Вот где слабое место! Его уже обнаружили и эксплуатировали «политические» анекдоты. Вот где — и не пята, а лоб: Голиафа. Приближалась редкая дата, неповторимая, какую нельзя пропустить: столетие со дня рождения вождя, по-немецки — фюрера (впрочем, в отличие от немцев, у нас они сменялись чредой бесконечной).
Наша подрывная работа заняла три недели. Ныне мне жаль, что мы так спешили: текст грешит конспективностью, слишком большой скоростью письма (и чтения). Но идея сложилась незадолго до юбилея, во время посещения мавзолея со знакомым ребенком, приехавшим из провинции и желавшим непременно увидеть диковинку; то была Наденька, дочка Сони Губайдулиной и Марка Ляндо [умершая скоропостижно в 2004 году в Москве].
Борис Петров (1936-2003)
Подпольный сатирик на редакционной «летучке». Архив Натальи Петровой
Мы торопились с нашим «подарком Самиздата». Тон задавала сама действительность: продавалась колбаса, дававшая цифру 100 из жира, когда ее резали кружочками, появились сервизы и носки с видами ленинских мест. Официальная пресса осуждала подобное снижение священной темы. А народная душа похохатывала: анекдот оповещал о новой кровати для молодоженов, трехместной: «Ленин всегда с нами».
Нужно было написать, сделать несколько копий и микрофильмов для запуска в невидимую и не исчисленную сеть подпольного распространения. И это наряду с текущей работой и бедствиями: экзамены в аспирантуру философского факультета, болезнь матери. И еще… и еще… Двойная жизнь, ничего не поделаешь! (Никто не думал, что это бывает вредно для души; было — забавно.)
Задыхаясь от хохота, мы с Борисом Петровым развивали сюжет устно, а затем торопились записать. Впрочем, Боря вечно опаздывал: в «многотиражной» (а какие же были другие?) газете «Знамя строителя» он разоблачал неполадки в строительстве, им конца не было, и его все время куда-нибудь посылали. И теперь еще эхо того хохота я слышу (и мне делается немного не по себе: «желтый смех», — говорят французы), перечитывая книжку: ее на днях прислал Юрий Лехтгольц (Лехт) из Лос-Анджелеса, мой киевский подельник. У него, распространителя журнала «Ковчег» в начале 80-х, сохранилось несколько экземпляров парижского анонимного издания.
На память приходят и другие драгоценные имена тех сказочных лет Самиздата. Вячеслав Великанов, Сергей Генкин, историк Валерий Щербаков, Оля Ступакова, Шершнев Юрий и Таня, Вика 11 Аксельрод, Поликарпов… не забыть бы кого… Петя Старчик, два Василия Ивановича — Лахов и Баев.
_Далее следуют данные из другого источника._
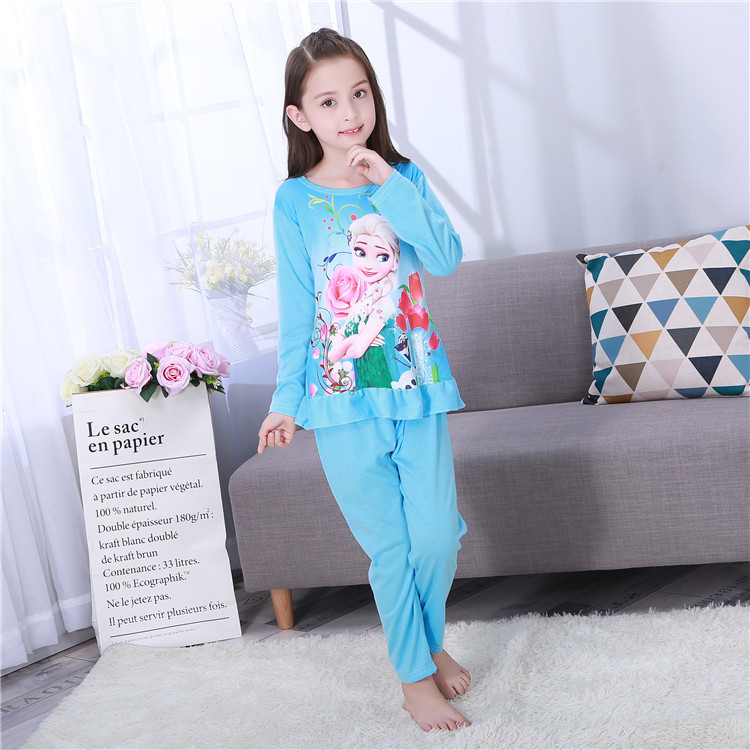 2024 아동용 긴팔 잠옷 여아용 엘사 겨울왕국 밀크 실크 양면 두꺼운 수출용 아동 잠옷

Кира Дюльдина. Леонтьевы: Анатолий (в «Гранях» и в альманахе «N» он подписывал стихи: Мерцалов), Оксана и Дима Леонтьев, подпольный писатель.
Владимир Галкин, он же Кирилл Сарнов в первом номере «Ковчега». Инженер Никифоров, Будюкин Витя. А веселый Батшев, теоретик СМОГа, и Алейников Володя? Мой собственный сын Максим, перенесший свой первый обыск в трехмесячном возрасте? Незадолго до эмиграции я встретил Андрея Твердохлебова и Сахарова.
Господь меня не обидел: стольких людей послал мне навстречу, которых полюбил.
По-видимому, и сегодня в «Чмотанове» многое смешно, хотя ничто так не стареет, как юмор и сатира (и это особая совсем неисследованная тема: старение произведения). Мне даже несколько не по себе от тогдашней дерзости, беззаветной, юношеской, еще не укрощенной страшными ударами судьбы и Провидения. Кое-что в тексте сделалось непонятным постсоветскому российскому читателю и тем более заграничному, тем более, когда бледнеют и исчезают штампы коммунистической мифологии.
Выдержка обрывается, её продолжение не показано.